Николь с облегчением узнала, что, поскольку ни она, ни Гвен еще не начали выезжать, их исключили из участия в официальных мероприятиях графини. А график таковых был очень напряженным. Ванесса уезжала из дома около одиннадцати утра и возвращалась в полночь, а порой и позже. Не один раз Николь просыпалась от стука колес подъезжающей кареты в два часа ночи. Миссис Тредуэлл редко сопровождала свою дочь; она предпочитала проводить время с внуками — двухлетним Питером и годовалым Джеймсом, за которыми ухаживала серьезная няня по имени Перл. Что же касается графа Ярлборо, то Николь и Гвен в течение первой недели своего пребывания видели его лишь однажды, да и то мельком.
— Весьма странный образ жизни, ты не находишь? — спросила Гвен, когда они с Николь устроились однажды на роскошной кровати в огромной спальне.
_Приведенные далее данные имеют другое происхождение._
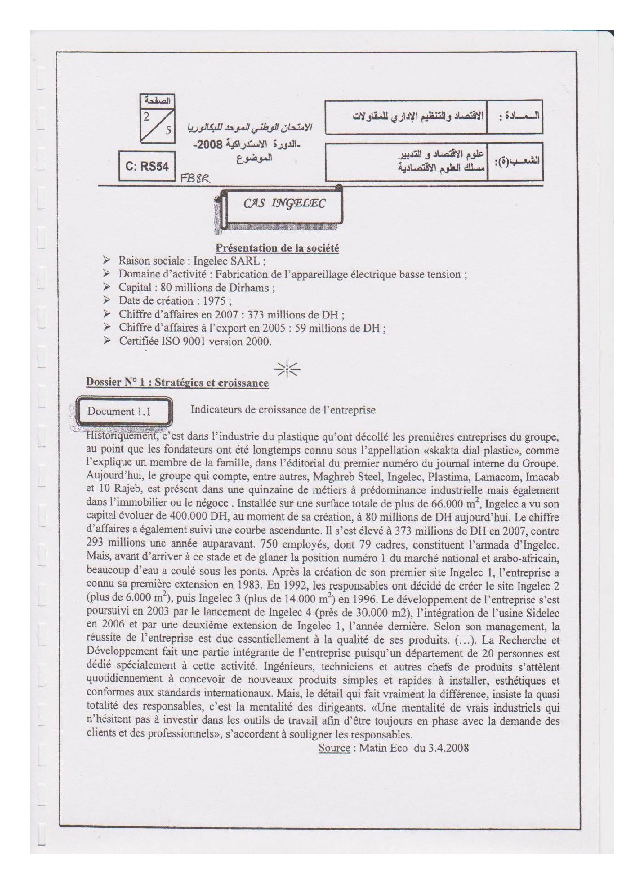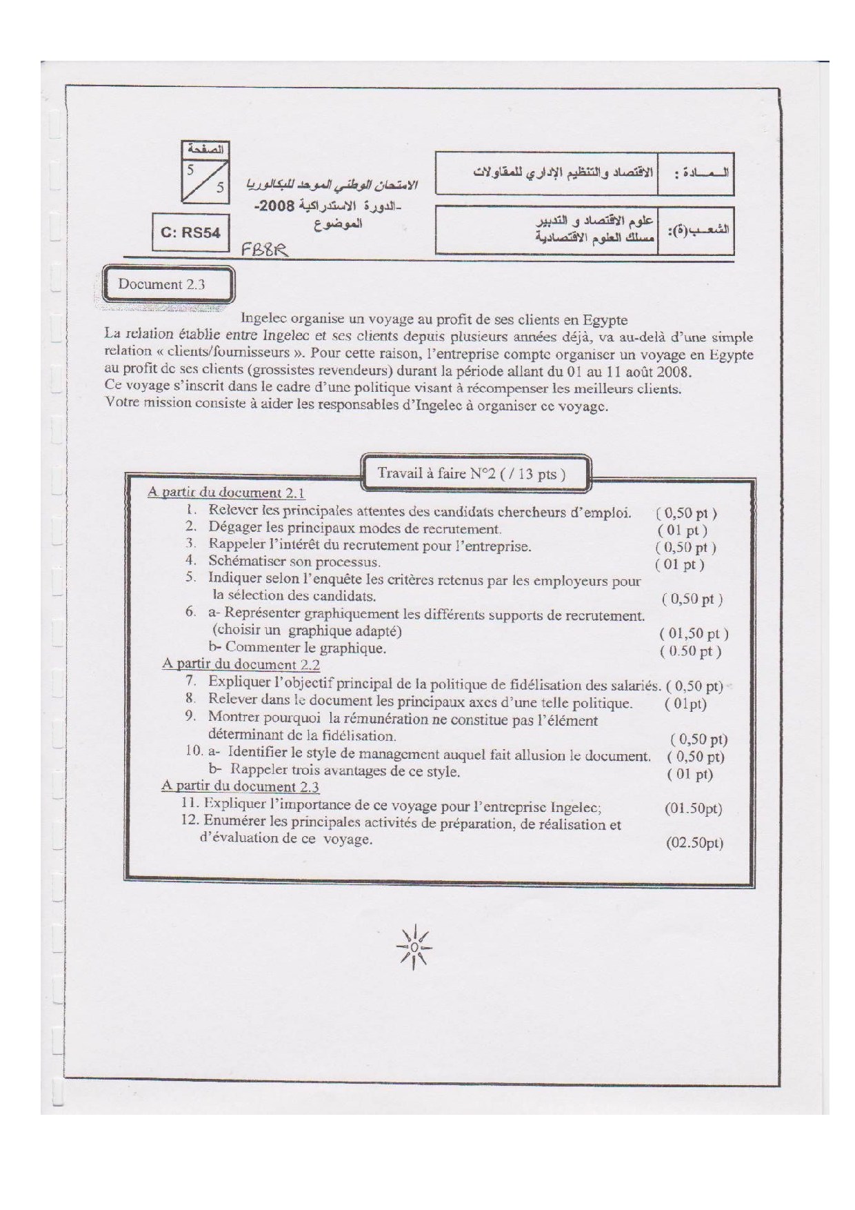 Examen EOAE 2 Bac Eco 2008 Session Rattrapage - Sujet
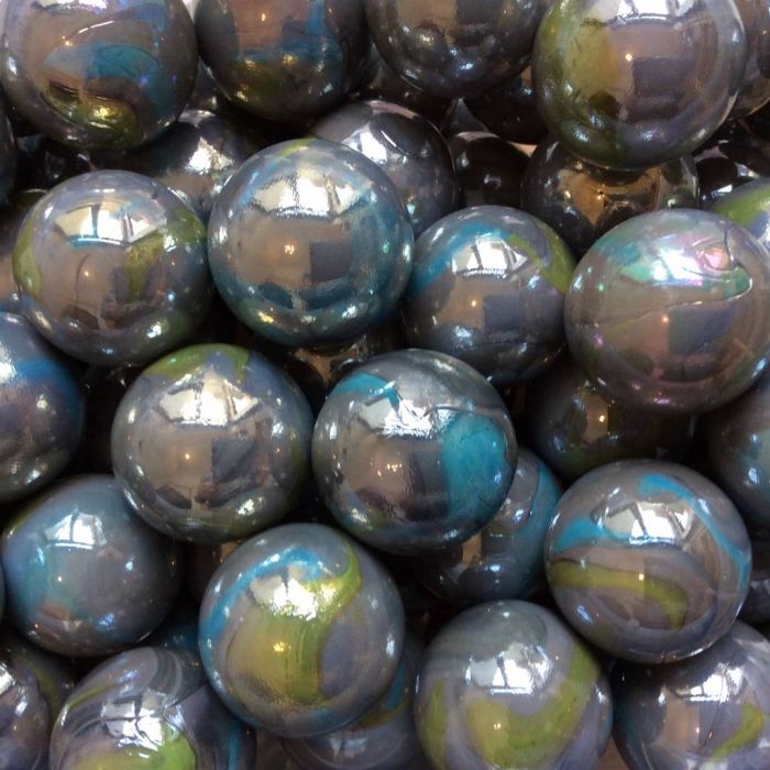 Zilvergrijze bonk met groene en lichtblauwe strepen op het oppervlak. Deze knikkers zijn afgewerkt met een mooie parelmoerglans.
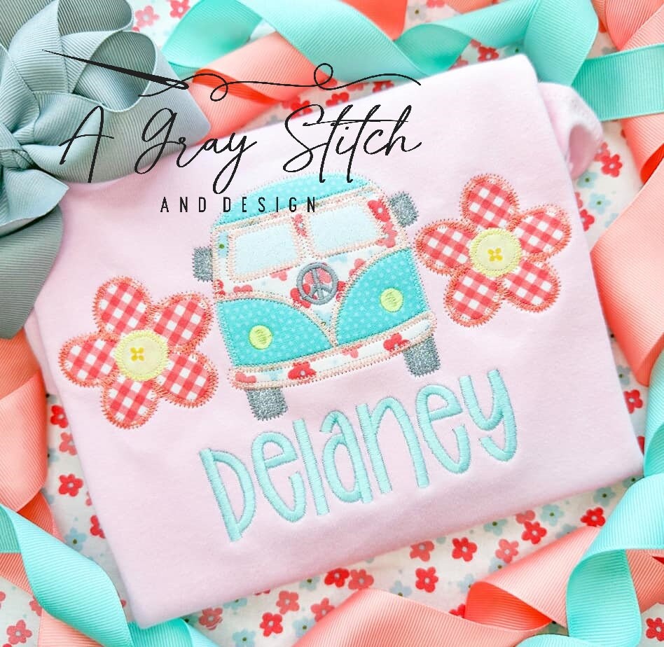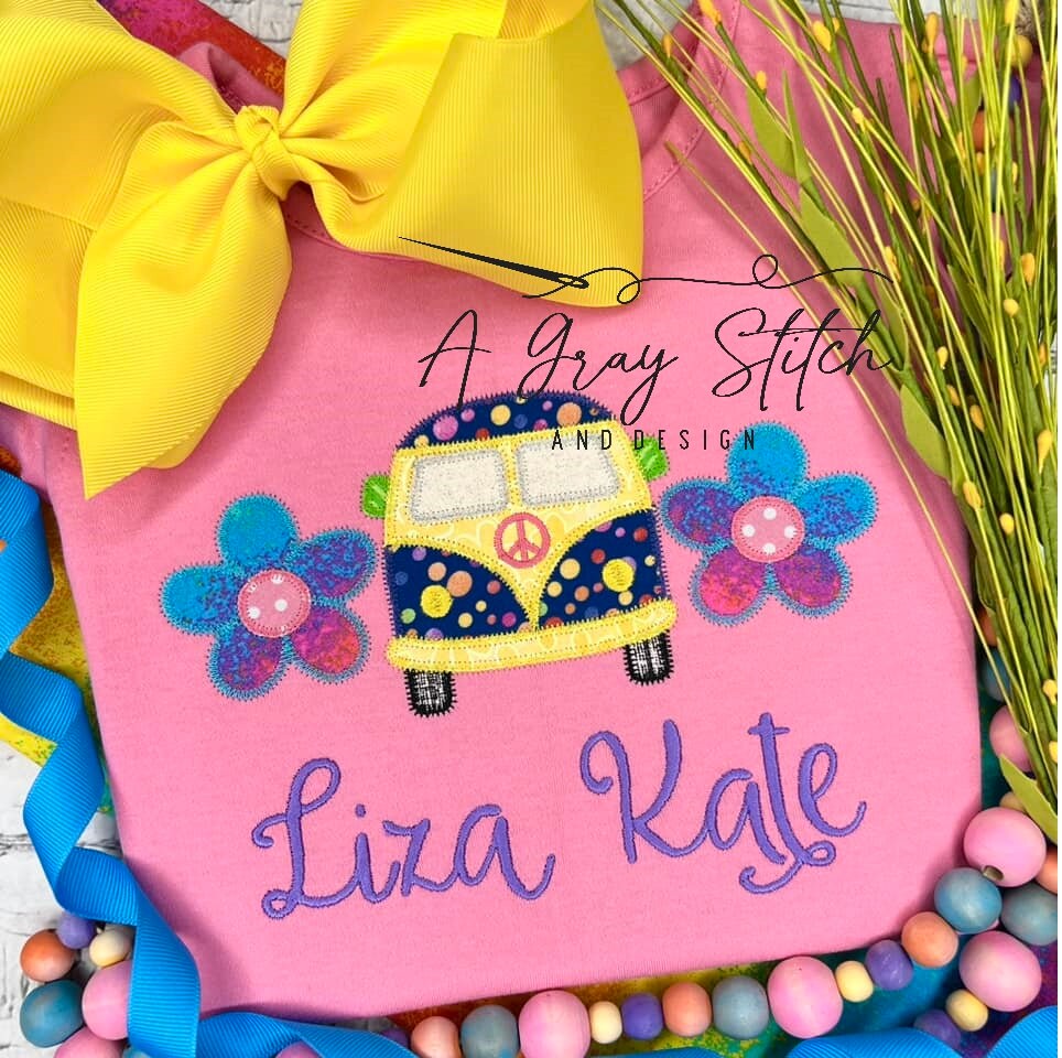 Groovy Retro Van and Daisies Zig Zag Applique Machine Embroidery Design

Николь разглядывала болезненный синяк на голени — ее пнул Питер.
— Что ты имеешь в виду? — спросила она.
— Ну как же, все восхищаются тем, что Ванесса покорила графа Ярлборо. Однако он никогда и нигде вместе с ней не появляется. И никто из них, похоже, не рвется увидеть своих детей.
— Нас воспитывала гувернантка, — возразила ей Николь, — моих братьев и меня. А разве тебя нет? Мой отец постоянно заседал в парламенте в Лондоне, а мать проводит время почти так же, как графиня.
— Но в чем тогда смысл славной победы, если у супругов нет ничего общего?
— Ты так же романтична, как и Бесси.
Гвен сделала гримасу:
— Господи, надеюсь, что я при этом не так глупа!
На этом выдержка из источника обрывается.